Johann Wilhelm Ludwig Gleim: 15. Der Rabe und die Pfauen (1761)

1Auf eines Fürsten Hof ging eine Herde Pfauen;
2Ein Aufzug, welchen anzuschauen
3Kein Auge müde ward; denn jeder trug sein Rad,
4Mit Farben, wie sie nur der Regenbogen hat,
5Gebreitet hinter sich, ein wenig stolz darauf!

6Aus den empor gestiegnen Rädern
7Entfielen wunderschöne Federn,
8Und nicht umsonst! Ein Rabe las sie auf
9Und schmückte heimlich sich damit,
10Und ging, mit abgemeßnem Schritt,
11In die Versammlung rechter Pfauen;
12War auch ein wenig stolz, und ließ sich auch beschauen.
13Allein man kannt' ihn allsobald;
14Nahm ihm den fremden Zierrat ab,
15Biß ihn gelinde, gab
16Dem armen Dieb die vorige Gestalt.

17So leicht gestraft, ging er mit großen Freuden wieder
18In die Gesellschaft seiner Brüder.
19In dieser aber kam er noch weit übler an:
20Denn sein Vergehen war den Raben kund gethan.

21Sie stehn umher um ihn, sie lachen, spotten, schrein:
22Herr Pfau!
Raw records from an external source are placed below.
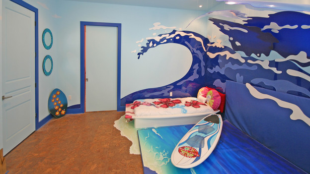 “The Surfing Room — Paige decked out the walls and floors to make us feel like we’re in the ocean. Ryanne and Haydn even have a surfboard that links to a surfing game in their room. Hang ten, kids!”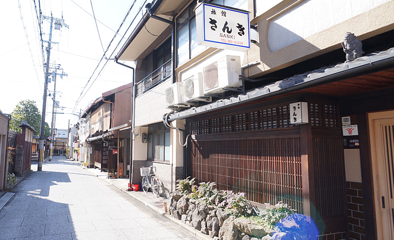 花屋町通に戻り西へ少し行くと、すぐ左手に見えてくる大きな京町屋は「きんせ旅館」。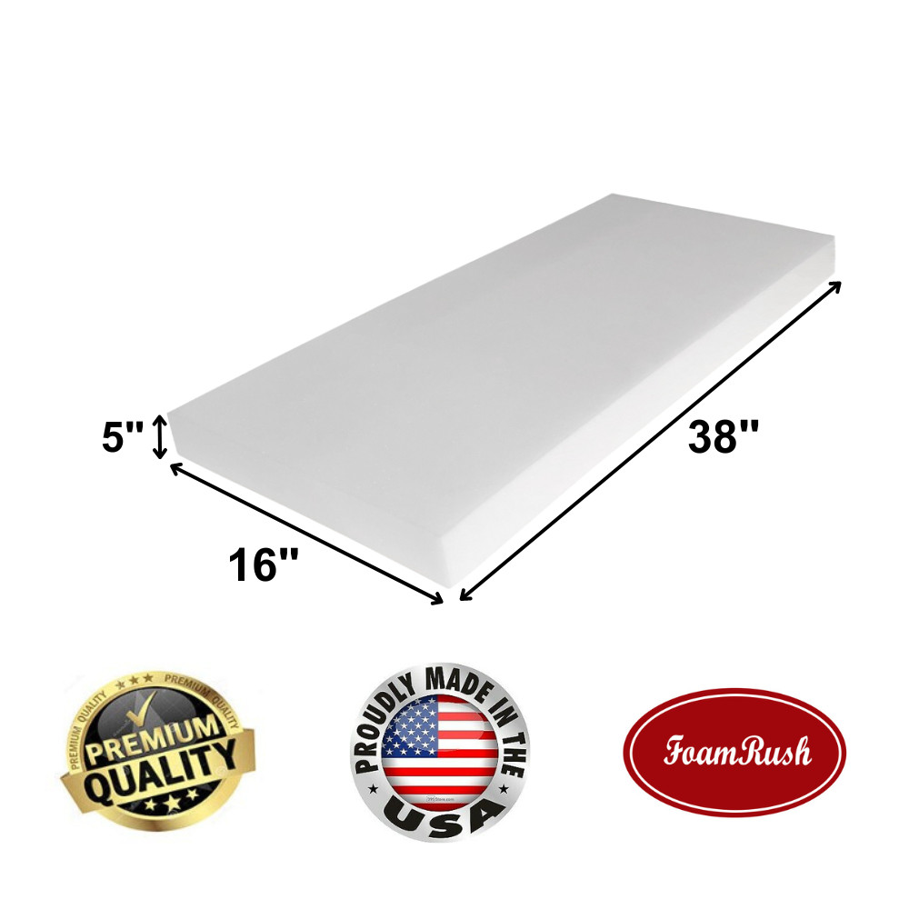 FoamRush 16" x 38" High Density Upholstery Foam Seat Cushion (Made in USA)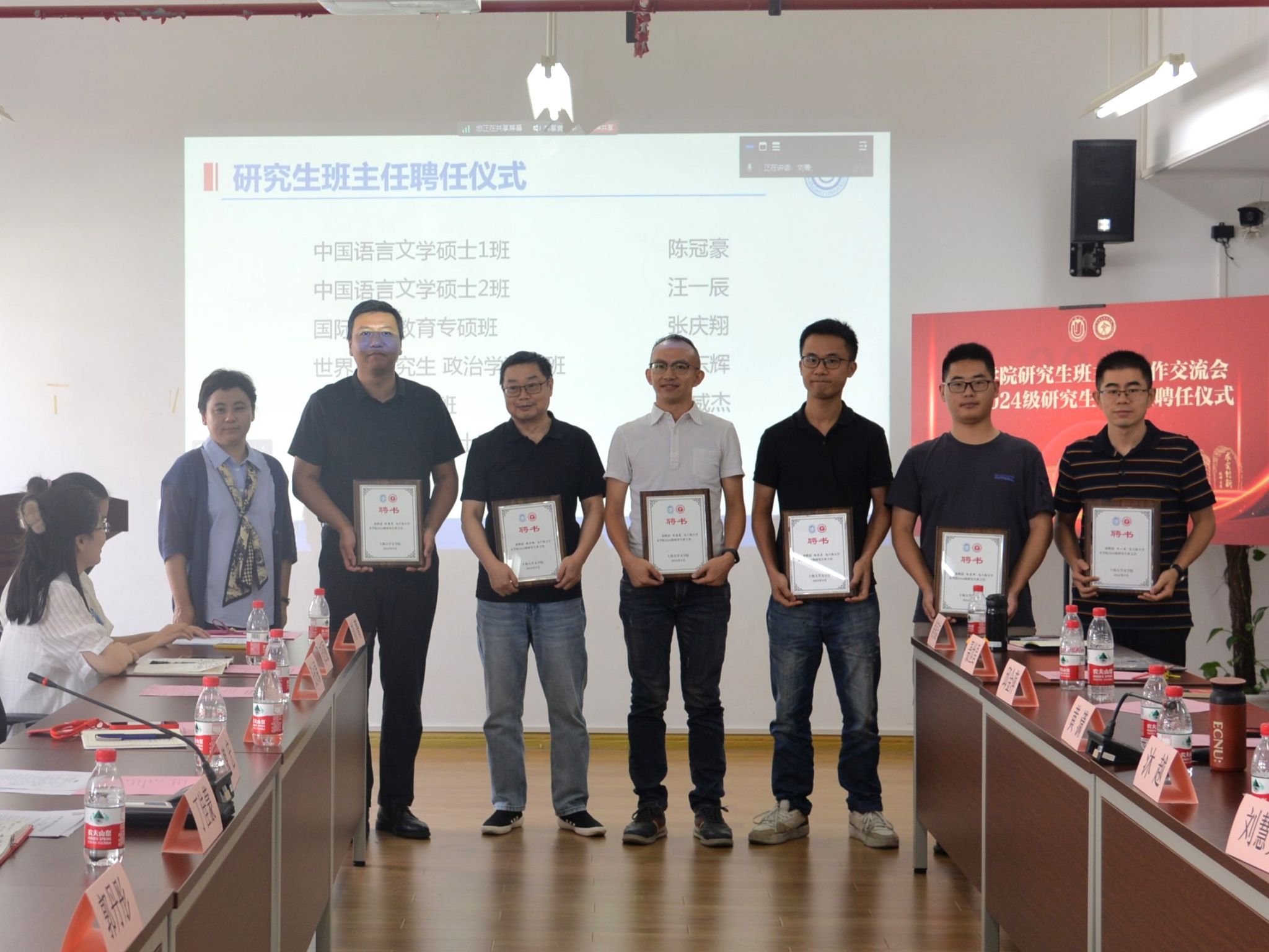 9月6日上午9点,红足1一世足球官网入口研究生班主任工作交流会暨2024级研究生班主任聘任仪式在红足1一世足球官网入口406会议室举行。党委研究生工作部部长魏宏、红足1一世足球官网入口党委书记陆甦颖,党委副书记、副院长丁佳蒙,中文系主任张永禄,历史系主任郭丹彤,2023级研究生班主任肖有志、邱金萍、聂世昌、黄潇、叶鹏、沐越,拟聘的2024级研究生班主任刘慧宽、陈冠豪、林威杰、汪一辰、杜东辉、张庆翔,团委书记宋亚丽,研究生教学秘书周薇,研究生辅导员刘菁、卜敏以及2024级研究生代表出席本次会议。会议由研究生辅导员刘菁主持。

Herr Pfau! Herr Pfau! sie hauen auf ihn ein,
23Und raufen ihm, einmütig, mit Gewalt,
24Die eignen und die fremden Federn aus.
25Der arme Schelm entflieht in eines Dichters Haus,
26Und rettet sich, allein in kläglicher Gestalt!

(Aus: Haider, Thomas. A Large Annotated Reference Corpus of New High German Poetry. In: Proceedings of the 2024 Joint International Conference on Computational Linguistics, Language Resources and Evaluation (LREC-COLING 2024), S. 677–683, Torino, Italia. ELRA and ICCL. 2024.)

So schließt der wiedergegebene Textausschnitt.